Question

How many terms are there in the sequence of 1/128, 1/64, 1/32....., 32, 64?
(a) 13
(b) 14
(c) 15
(d) 16​

Answer 1

Answer:

C IS THE ANSWER OK BYEBYEBYE

Answer 2

Given:

1/128, 1/64, 1/32,.., 32, 64

To find:

The number of terms in the sequence

Solution:

The number of terms in the sequence is 14. (Option b)

We can find the number of terms in the following way-

We know that the given sequence of numbers is a geometric progression.

The first term of the G.P.=1/128

The last term of the G.P.=64

The common ratio=second term/first term

=(1/64)/(1/128)

=1/64×128/1

=128/64

=2

Let the number of terms in the G.P. be n.
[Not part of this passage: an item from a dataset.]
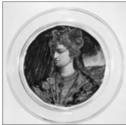
Портрет Роксолани на венеційському посуді XVI ст. Венедикт Мітте. Королівська колекція будинку Віттельсбах. Баварський національний музей. № G 553

Її листи почали «дихати» квітучою, барвистою мовою, якою вона щебетала, немов соловейко, не лише про кохання, а й про релігійні та політичні справи 51 . Так, не раз у своїх листах Хюррем, називаючи прекрасним лице султана, згадувала Юсуфа, який, за коранічними текстами, вирізнявся від інших людей надзвичайною красою 52 . У збірнику хадисів Мусліма йдеться про те, як пророк Магомет під час сходження на небеса дарував йому половину краси Адама, якого Аллах створив Своєю рукою, і надав йому найдосконалішого і найпрекраснішого вигляду. Від пророка Юсуфа божеволіли жінки, і він, щоб їх не спокушати, був змушений прикривати своє прекрасне обличчя накидкою. Проте одна жінка: дружина намісника фараона — у Корані; Потифара або ж Пентефрія — у Біблії, виявилася наполегливішою у своїх домаганнях. Вона намагалася його звабити, однак той опирався спокусі. Розгнівана жінка звела на юнака наклеп, звинувативши його у спробі згвалтування. Її задум спершу мав успіх: Юсуфа засудили

We know that the nth term of a G.P.=$ar^{n-1}$

Here, the nth term is the last term of the G.P., a is the first term, and r is the common ratio.

On putting the values, we get

64=1/128×$2^{n-1}$

64×128=$2^{n-1}$

$2^{6}$×$2^{7}$=$2^{n-1}$

$2^{13}$ =$2^{n-1}$

Now, since the base is equal, powers will also be equal.

So, 13=n-1

13+1=n

n=14

Therefore, the number of terms in the sequence is 14.